Like many people living with TS, I have suffered most of my life with self-esteem issues.  I always felt that there was something wrong or defective with me and that my friends only tolerated me and my tics because they felt sorry for me.  I believed that God must have hated me or I must have done something wrong to have been “cursed” with this.  Some people that I have spoken to regarding their TS have shared that they felt their disorder brought them closer to a God who loves all his creations and accepts all equally, while others shared similar sentiments to my own.
It was about eight years ago, that I was finally able to accept my TS as a blessing rather than a curse and it all began with my sister offering to go through The Purpose Driven Life with me.  Over the course of the next forty weeks – one chapter a week – we came to understand God and purpose in a different way.  For me, the beginning of understanding came in Chapter Two when Rick Warren says that God doesn’t make mistakes and that he “left no detail to chance.”  Later, in Chapter 35, he encourages his readers to accept that they have a lot of flaws and imperfections because “your weaknesses are not an accident.” God put our weaknesses, flaws, and imperfections there for a reason – to be used to his glory.
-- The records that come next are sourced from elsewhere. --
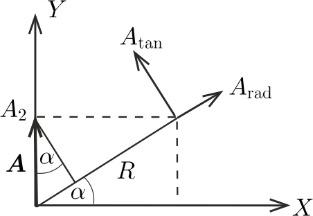 Itt azonban figyelembe kell vegyük, hogy a radiális és a tangenciális komponensek, valamint az \(\displaystyle (A_1,A_2)\) komponensek közötti kapcsolat a forgásból származó extra tagokat is tartalmaz: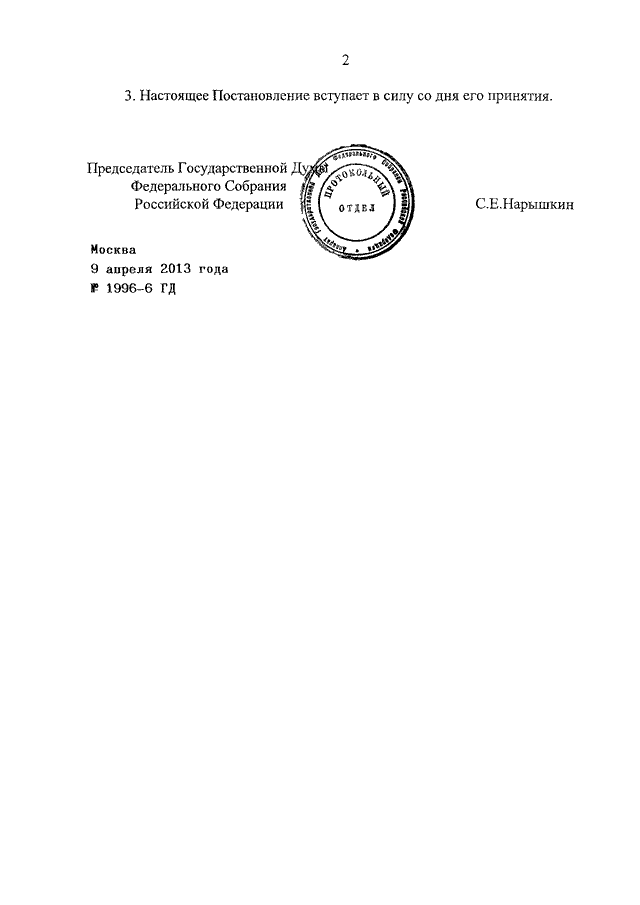ПОСТАНОВЛЕНИЕ ГД ФС РФ от 09.04.2013 N 1996-6 ГД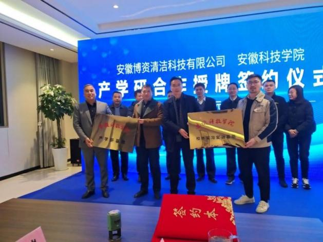 会上,李子荣代表学校与企业签订了共建“安徽博资纤维素多孔材料工程技术中心”协议、产学研合作协议、kaiyun开云官方网站_kaiyun开云(中国)股份有限公司,实习实训基地协议、技术开发(委托)合同。王强、朱发贵、赵永滨和王汉民共同为共建工程技术中心揭牌;黄树桥和李子荣为kaiyun开云官方网站_kaiyun开云(中国)股份有限公司,产学研基地和校外实习实训基地授牌。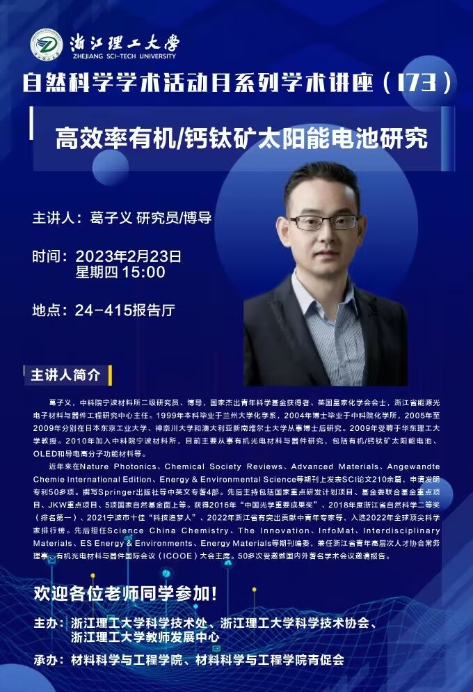 学术讲座【49】:高效率有机/钙钛矿太阳能电池研究
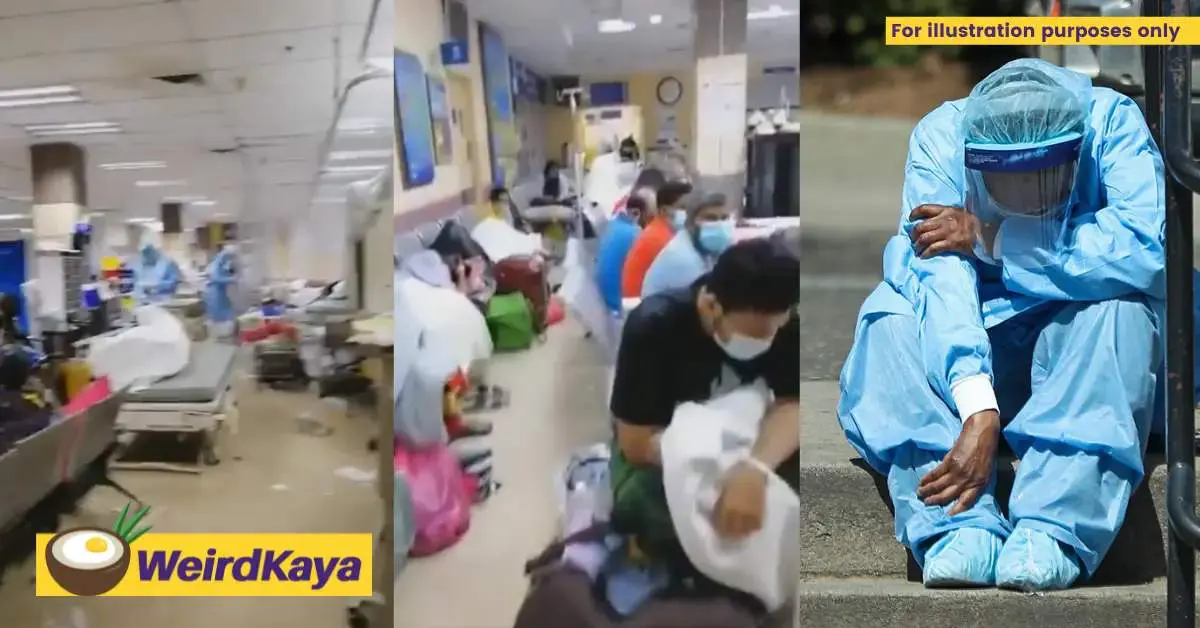 A pregnant frontliner retweeted a video showing the disastrous state of the Tengku Ampuan Rahiman Hospital in Klang, which has seen a mass stream of COVID patients flocking to its doors in recent weeks. Some patients were even placed at the parking lot to receive treatment due to a lack of beds.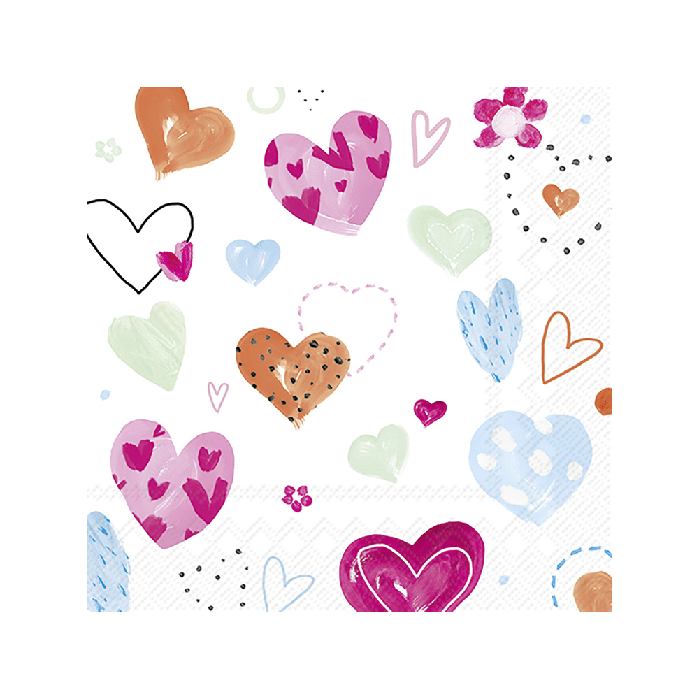 Leg de Joyful Hearts servetten op tafel bij lunch, snacks of borrels. Combineer met bijpassende borden, bestek of feestdecoratie voor een complete en vrolijke presentatie.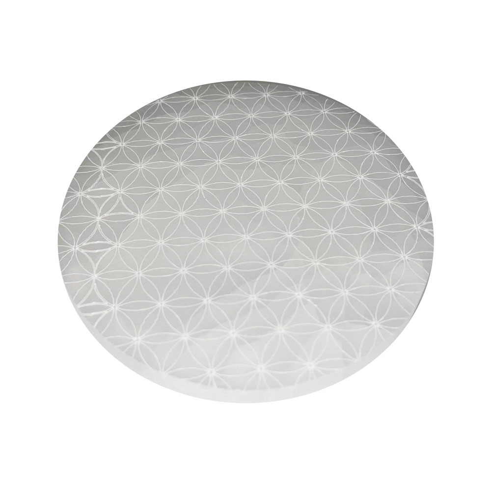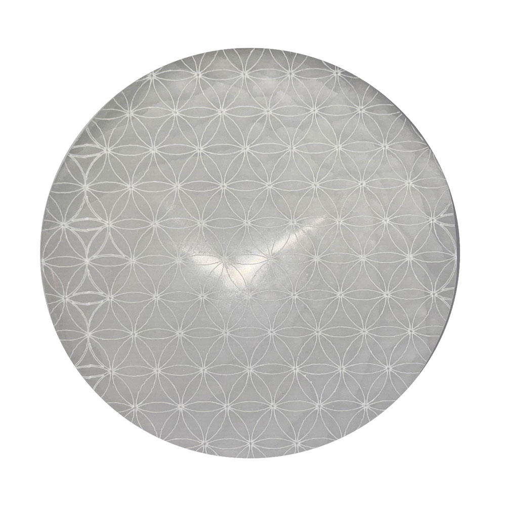 Placa de recarga Selenita – Flor de la vida – 14cm
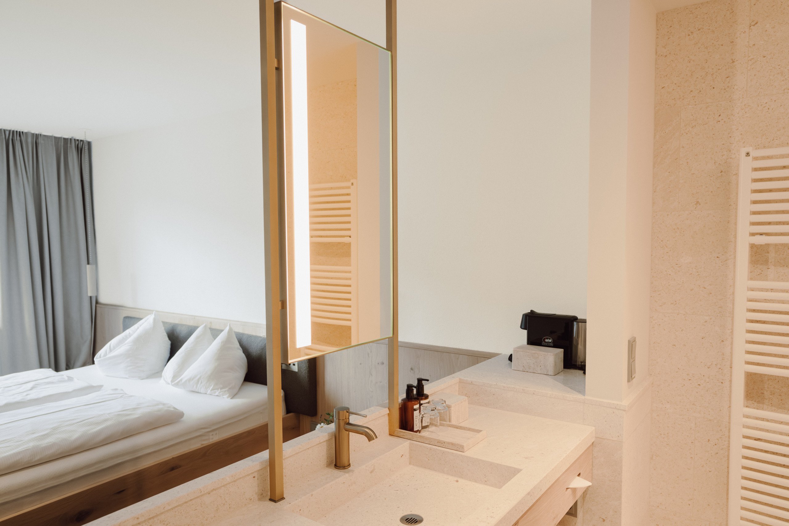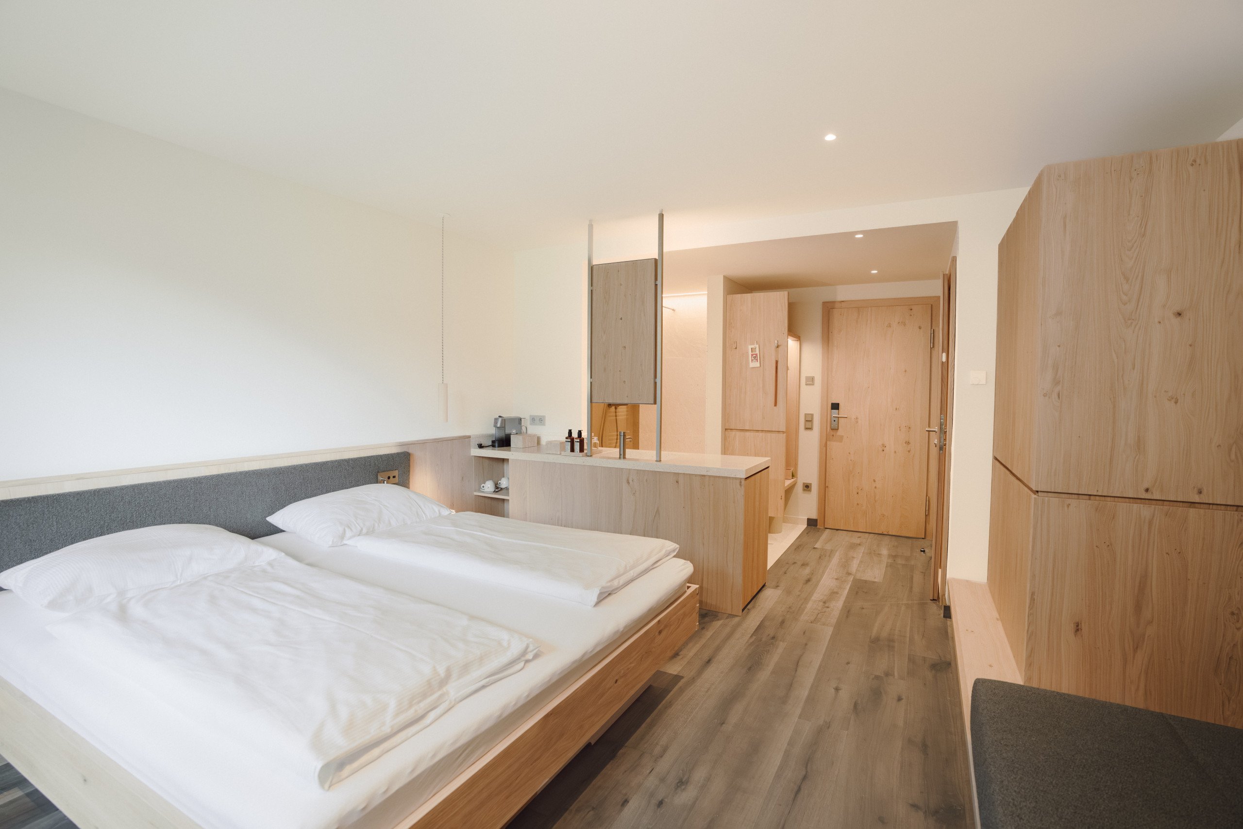Cozy double room with spacious double bed, natural wood flooring, elegant seating area, private and furnished balcony with morning sun, Wi-Fi, in-room safe, coffee machine, mini fridge, smart TV, open-plan bathroom with natural stone, shower, hairdryer, heated towel rack, separate WC

As I meditated on this book, I was reminded of John 9:2-3. The disciples asked Jesus who sinned for a man to be born blind and he replied that “This happened so that the works of God might be displayed in him.” This reflection led me to see that God gave me TS for a reason and that it does not make me different in a bad way but in a special way.  I feel blessed when I look back on my life and imagine what a different person I would be without TS.  It has caused me to have a compassion and understanding of differences and hidden difficulties that I might not have had. This understanding has led to blessing in life, family, and friends, and allowed me to be able to help my son when he began to exhibit symptoms as well.